Time to go long Bitcoin?

It’s fashionable these days to dunk on Bitcoin and cryptocurrency more generally. Charts like the one below lend themselves to dunking. And I must confess some schadenfreude as certain crypto shills and charlatans get some well-deserved comeuppance.

181130_BTC_1YR_Chart
Source: WorldCoinIndex.com

I’ve written about crypto on several occasions on this blog. While I’ve enjoyed following the space from a distance, I’ve never put real dollars on the line. As I wrote last year in my Bubble Logic post, I just can’t get my head around how to judge when the stuff is cheap or expensive.

Are cryptocurrencies actually worth anything? If so, what are they worth?

I took a stab at this myself not too long ago. It was a useful exercise although it did not exactly end with concrete results. So despite having learned even more about blockchain and cryptocurrencies in the meantime, I remain stuck.

How am I supposed to invest in something that I cannot value?

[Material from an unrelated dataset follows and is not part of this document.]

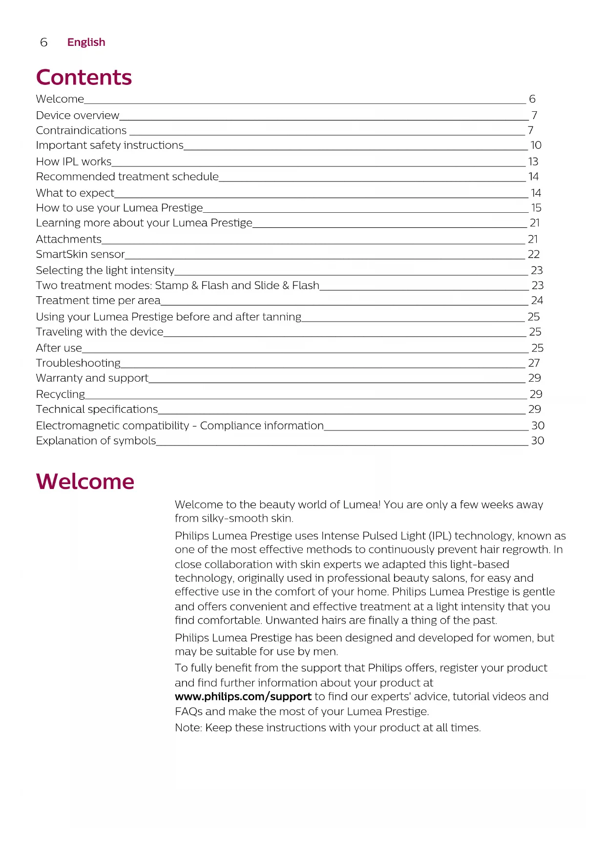 English Contents Welcome_______________________________________________________________________________________________ 6 Device overview________________________________________________________________________________________ 7 Contraindications _____________________________________________________________________________________ 7 Important safety instructions__________________________________________________________________________ 10 How IPL works_________________________________________________________________________________________ 13 Recommended treatment schedule__________________________________________________________________ 14 What to expect_________________________________________________________________________________________ 14 How to use your Lumea Prestige______________________________________________________________________ 15 Learning more about your Lumea Prestige___________________________________________________________ 21 Attachments___________________________________________________________________________________________ 21 SmartSkin sensor______________________________________________________________________________________ 22 Selecting the light intensity____________________________________________________________________________ 23 Two treatment modes: Stamp & Flash and Slide & Flash_____________________________________________ 23 Treatment time per area_______________________________________________________________________________ 24 Using your Lumea Prestige before and after tanning________________________________________________ 25 Traveling with the device______________________________________________________________________________ 25 After use________________________________________________________________________________________________ 25 Troubleshooting_______________________________________________________________________________________ 27 Warranty and support_________________________________________________________________________________ 29 Recycling_______________________________________________________________________________________________ 29 Technical specifications_______________________________________________________________________________ 29 Electromagnetic compatibility - Compliance information____________________________________________ 30 Explanation of symbols________________________________________________________________________________ 30 Welcome Welcome to the beauty world of Lumea! You are only a few weeks away from silky-smooth skin. Philips Lumea Prestige uses Intense Pulsed Light (IPL) technology, known as one of the most effective methods to continuously prevent hair regrowth. In close collaboration with skin experts we adapted this light-based technology, originally used in professional beauty salons, for easy and effective use in the comfort of your home. Philips Lumea Prestige is gentle and offers convenient and effective treatment at a light intensity that you find comfortable. Unwanted hairs are finally a thing of the past. Philips Lumea Prestige has been designed and developed for women, but may be suitable for use by men. To fully benefit from the support that Philips offers, register your product and find further information about your product at www.philips.com/support to find our experts' advice, tutorial videos and FAQs and make the most of your Lumea Prestige. Note: Keep these instructions with your product at all times.7 English

Now, there is a pragmatic solution I have not really discussed (also mentioned by one of Patrick’s interviewees). That is, you can simply look at cryptocurrencies as call options (or, if you prefer less financial jargon, as lottery tickets). Viewed through the lens of portfolio construction this is far and away the best way of approaching the problem given the dramatic skew in the distribution of potential returns. Max downside is 100% of the original investment. And max upside is what? A 1000x gain? More? That is a pretty attractive option.

Yet it still doesn’t sit right with me. It feels too much like gambling. Which isn’t the worst thing in the world. I enjoy the occasional trip to the casino. However, conflating investing and gambling does not seem like a real answer. In fact it seems like bubble logic: gamble a little so you won’t miss out and regret it.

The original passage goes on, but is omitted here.